If he’d gone back into the warehouse to try to fight the fire, he was already lost, unless he’d found some kind of refuge. Martin had never been on the production floor of the mill, but he’d been inside the warehouse many times when he brought in his fleeces. There was a small office on one side where delivery records were kept. A brick-walled corridor separated it from the storage area, a corridor with no exit. If Ethan had gotten trapped by the fire, he might have shut himself in the office. Martin put a hand on John’s arm. “I’m going round to have a look in the delivery office window, just to be sure.”
John nodded. “I’ll come along.”
They hurried around the front of the building. The moon lit the yard on the other side. The heat wasn’t as intense there, with the corridor separating the outer wall from the fire. Martin and John made their way along the wall until they came to the office window. Smoke obscured their view of the small room, but Martin caught a glimpse of white near the floor, possibly a shirt cuff. “He’s in there!” Martin picked up a nearby brick and smashed the window. It wasn’t big enough to crawl through, but they’d passed a larger one on their way. “Come on.”
With John following, he ran down to the river. They stripped off their shirts, wet them and tied them over their mouths and noses.
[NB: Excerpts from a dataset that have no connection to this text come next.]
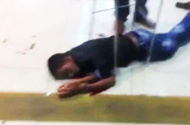 The shooting victim is then seen writhing on the floor in a similar position to the video showing Zarhum being attacked by the mob.
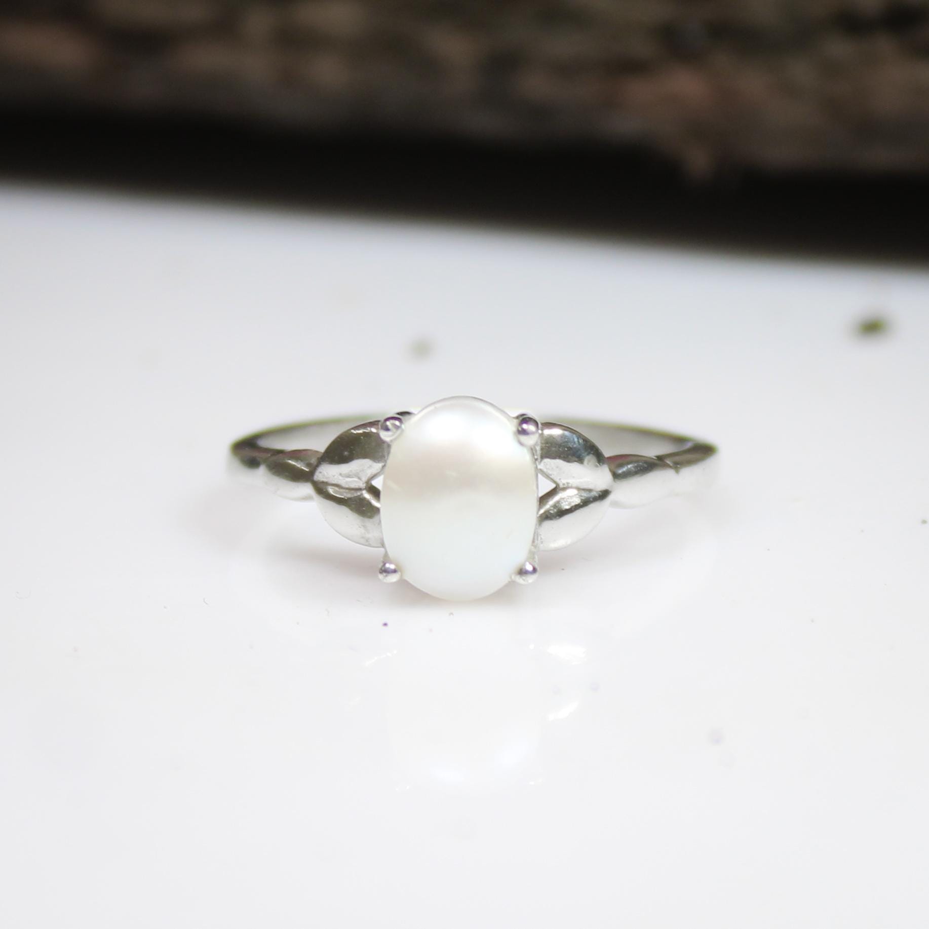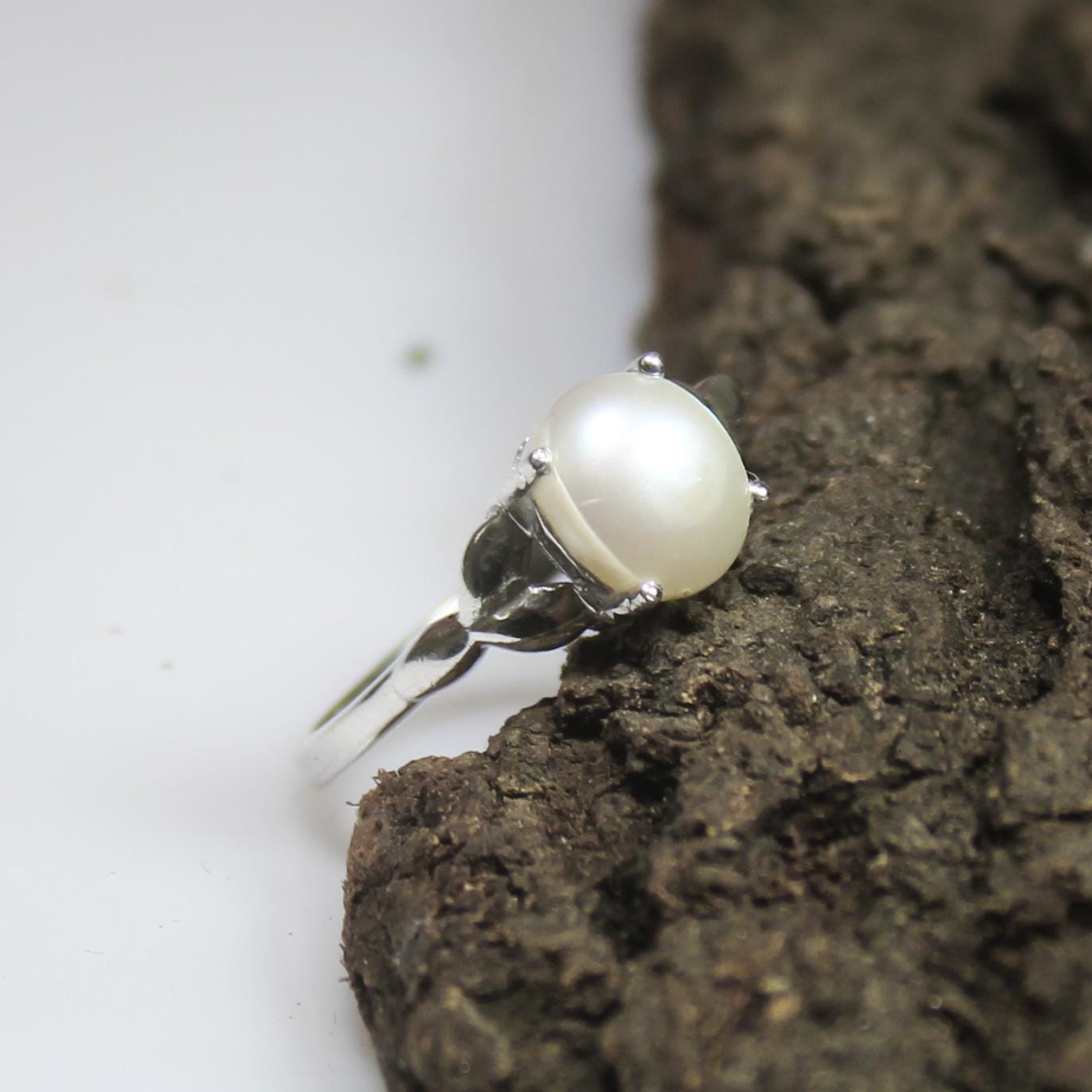 GEMSTONES ON RING - NATURAL WHITE PEARL RING
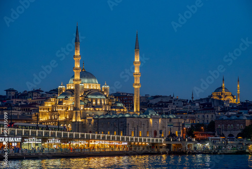 Naklejka premium Türkiye. Istanbul. The new mosque or Valide Sultan Camii with the Galata bridge and ın the background the suleymaniye mosque at dusk

When they returned, Martin broke the larger window, cleared away the glass with the brick, laid his folded coat on the sill and crawled through, with John following behind him.
Thick smoke and stifling heat filled the corridor. Eyes stinging, Martin shook shards of glass from his coat and pulled it on. He crouched low and felt his way along the wall until he came to the office door. “Still with me, are you, John?”
“Aye.”
He opened the door. Ethan lay huddled on the office floor. Much of the smoke in the room had escaped though the broken window. Enough moonlight came in to show burns on the older man’s face and arms. He must have tried to fight the fire. Martin crawled to him and laid a hand over Ethan’s heart. “He’s alive.”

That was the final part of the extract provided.